**DATA EXCERPT:**

++++++++

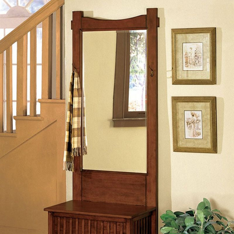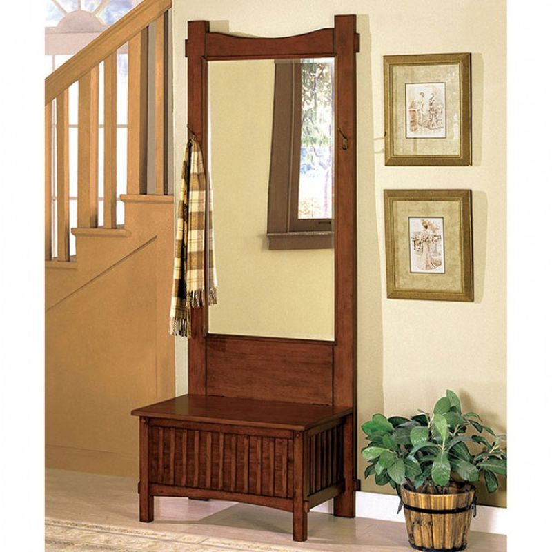 Let this Mission style hallway mirrored bench provide a warm welcome in your entryway. Roomy storage and solid wood construction are added bonuses to this functional piece. - Mission Style - Solid Wood, Others - Under-Seat Storage - Antique Oak Finish
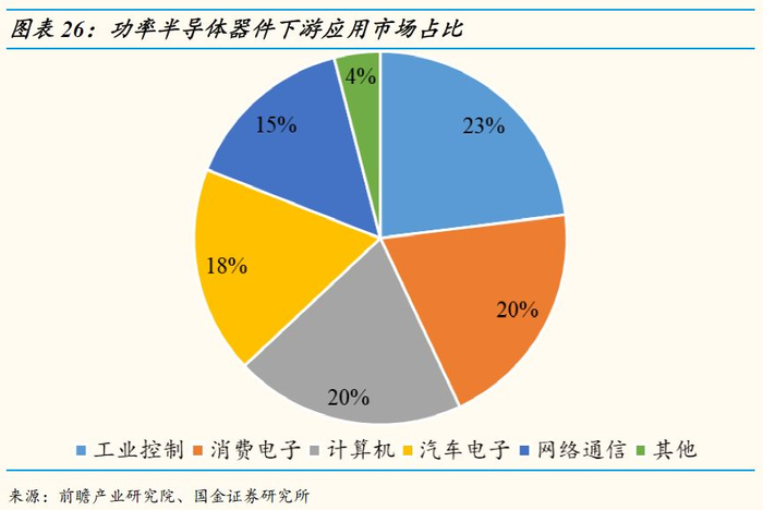 功率半导体器件按照下游应用领域,主要可以分为五大类,包括工业控制(市场占比约为23%),消费电子(20%),计算机(20%),汽车电子(18%),网络通信(15%)。
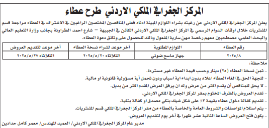 عطاء شراء ماسح ضوئي للمركز الجغرافي الملكي الاردني
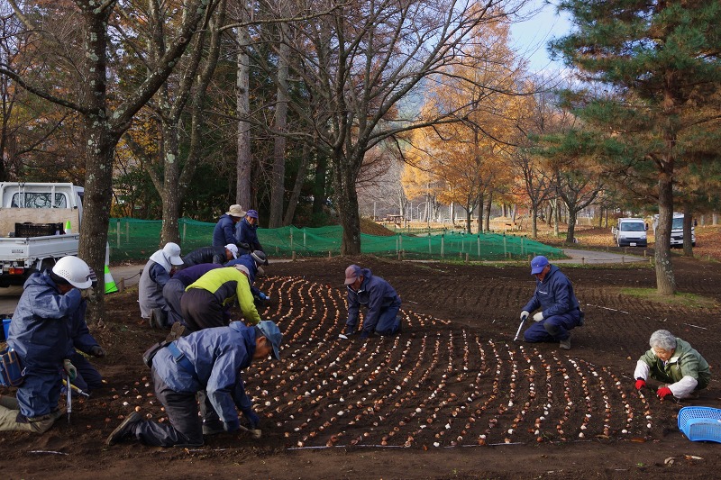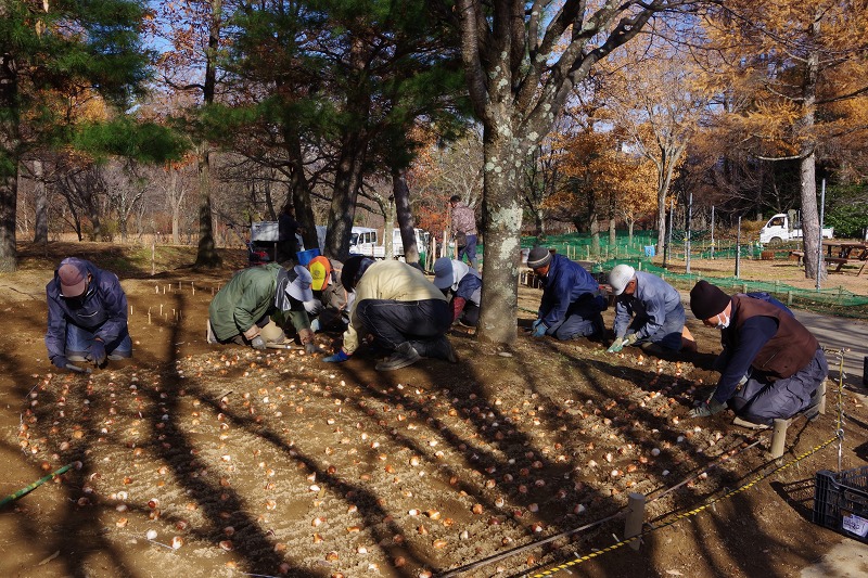 段々原っぱでは、チューリップの球根植え付け作業が続いています。〝植え付け戦隊 シルバーズ〟の皆さんは、朝7時半から作業が始まるのです。

++++++++

**WHAT THE EXERCISE ASKS:**
Please copy exactly the lines from the one that contains "عطاء شراء ماسح" through the last line of the listing above, leaving out the pictures.

**ANSWER:**
 عطاء شراء ماسح ضوئي للمركز الجغرافي الملكي الاردني
 段々原っぱでは、チューリップの球根植え付け作業が続いています。〝植え付け戦隊 シルバーズ〟の皆さんは、朝7時半から作業が始まるのです。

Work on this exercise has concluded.